Abdulkareem Mubarak Ahmed Almessabi
executiveI think if you look at the tankers, I mean, we need to be also careful in how we look at tankers. I mean there's the medium range size, the MR side, there's the LR side, the product tankers, the chemicals and also the VLCC. The biggest increase that we have seen actually or the biggest jump has happened in the VLCCs versus the others. Yes, the LR2s and the MRs as well have increased, but not to the same extent as the very large crude carriers, the VLCCs. The biggest increase was in the VLCCs and you know the number of vessels that we have. So again, there will be impact, of course, positive impact. But when people are saying that huge impact from tankers, the majority of our tankers actually falls within the product tankers, within the product size of the range of tankers. So yes, we will see some good impact, but not in all, I would say, tanker fleet and the majority of our tankers are actually in the LRs. Yes, there has been some positive uptick, I would say, in rates, but not to the same extent as the VLCCs. And usually, these rolls over to maybe 2 months to 3 months and even to the extent that it may fall, the benefit of these ones to the first quarter of 2026, given the long voyages that we are seeing within these vessels, sometimes it takes over 45 days just to complete one voyage. So you will see these benefits either in December or maybe even the first quarter of 2026. I think if you are trailing the VLCC markets at one stage, it has almost doubled. Of course, it depends whether you catch up that moment or you don't catch up that moment. Usually, it's momentarily reaching up to $90,000 sometimes and it falls back all the way to $70,000. But the voyages is what matters and what time are you catching up these. But again, as I would say, you will see them actually either in December or the first quarter of 2026.
Operator
operatorThank you. At this time, we currently have no further questions. So I'll hand back to the management team for any further remarks.

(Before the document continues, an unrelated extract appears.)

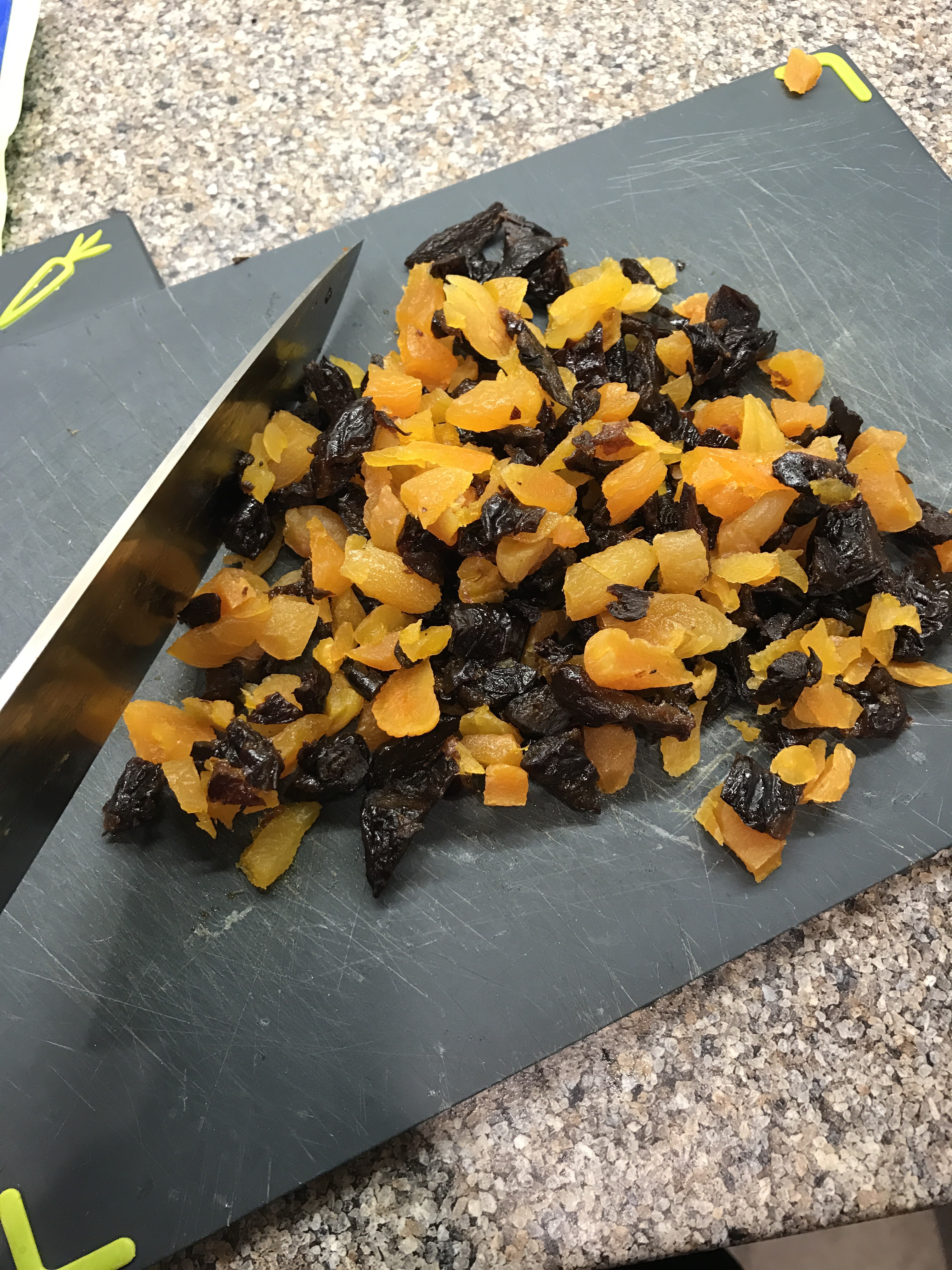 Chop the larger dried fruits (prunes and apricots) into small pieces

Abdulkareem Mubarak Ahmed Almessabi
executiveI think I would like to thank everybody for participating today. Again, we are continuing to deliver very strong results. And the main thing actually about ADNOC Logistics & Services is the resilient platform that we have created. Well, with all of these long-term contracts and the great visibility that we are seeing from a cash flow perspective, our operating cash flow, as you've seen it in the Q2 as well have been extremely positive. Our upgrade of dividend policy, I think that has been extremely positive as well. The incremental 3% free float, which actually entitled us actually to join the MSCI on the 5th of November, potential trading on the 25th of November, which actually may yield another $200 -- between $200 million to $250 million in terms of passive inflows into the share price -- increased liquidity of share price. I think today, we are -- at any stage, we are over $12 million at any given time. And I think this gives very good opportunities for new investors basically to join us in our great actually growth story. The one thing as well that we are continuing to grow, you've seen the massive growth within ADNOC. And I think we are always growing with ADNOC and its group companies. The energy sector as well, there's a huge growth globally. And we are a company that is not tied up to any local or region, but we are a global company. Today, we are one of the largest company in the energy maritime logistics play. Thank you very much for joining us again, and I wish you a very good day.
Operator
operatorThank you all for joining today's webinar. You may now disconnect your lines.